Especial 10 anos do "Brasil de Fato"
“Militância é ação”
Viúva de Carlos Marighella, a militante Clara Charf relembra os 87 anos de uma vida que se confunde com a história da política nacional
23/01/2013
Aline Scarso,
da Reportagem
A militante comunista Clara Charf
Foto: Secretaria de Políticas para as Mulheres
Com 87 anos, Clara Charf tem em sua biografia duas ditaduras vividas e a convivência com personalidades históricas como Luís Carlos Prestes, Gregório Bezerra, João Amazonas e Jorge Amado. Estima ter vivido quase vinte anos de forma clandestina, junto com o marido Carlos Marighella, época em que acumulou vários nomes.
O mais conhecido, Marta Santos, lhe rendeu seis meses de prisão. “Eu não queria falar meu nome de jeito nenhum. Só falei quando o Partido Comunista exigiu para que pudessem impetrar o habeas corpus para mim já que Marta Santos não existia”, conta, rindo.
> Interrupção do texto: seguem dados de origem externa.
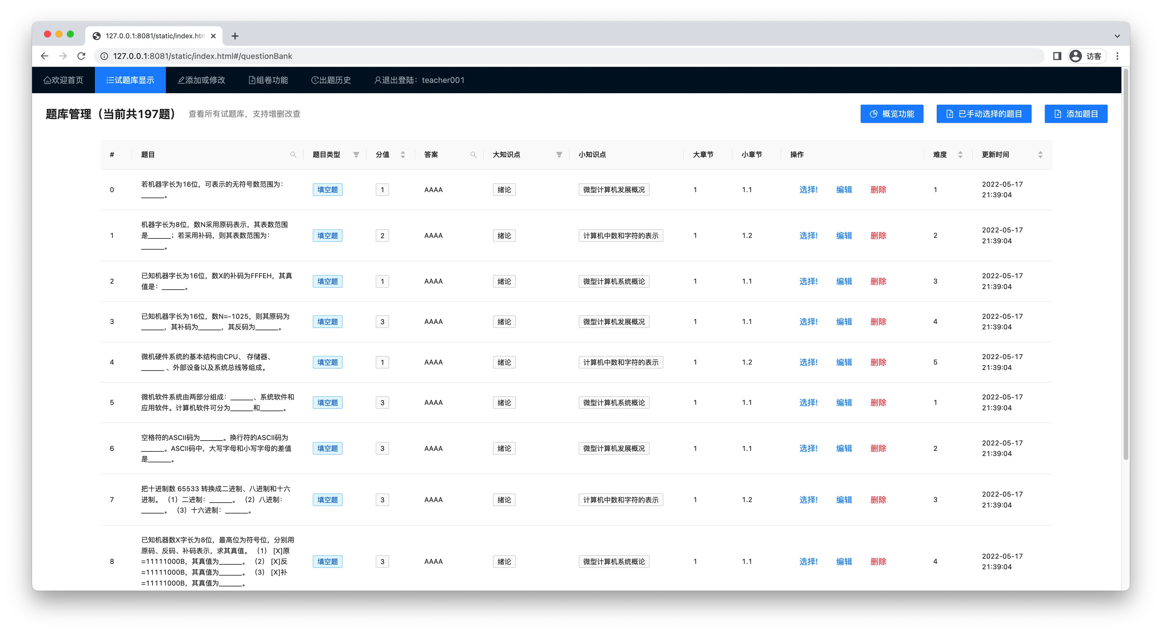 - 题库管理,支持填空题、选择题、判断题、设计题、阅读题多种类型,所有题目可自由增删改查;

Clara havia sido presa durante o segundo governo de Getúlio Vargas (1951-1954), com uma mala cheia de livros marxistas, que seriam usados para montar um curso de formação política para os ferroviários de Campinas. Quando foi detida, tentou inventar uma história de um tratamento médico no interior que lhe daria muito tempo livre para a leitura. Não colou. Ficou a maior parte do tempo do cárcere em solitária.
Clara nasceu em 1925 em uma família de judeus pobres. Mudou-se de Maceió para Recife menina. Perdeu a mãe ainda adolescente. O pai não gostava da ideia de que os três filhos se metessem em política com receio de que fossem presos, mas com ela não conseguiu efeito algum.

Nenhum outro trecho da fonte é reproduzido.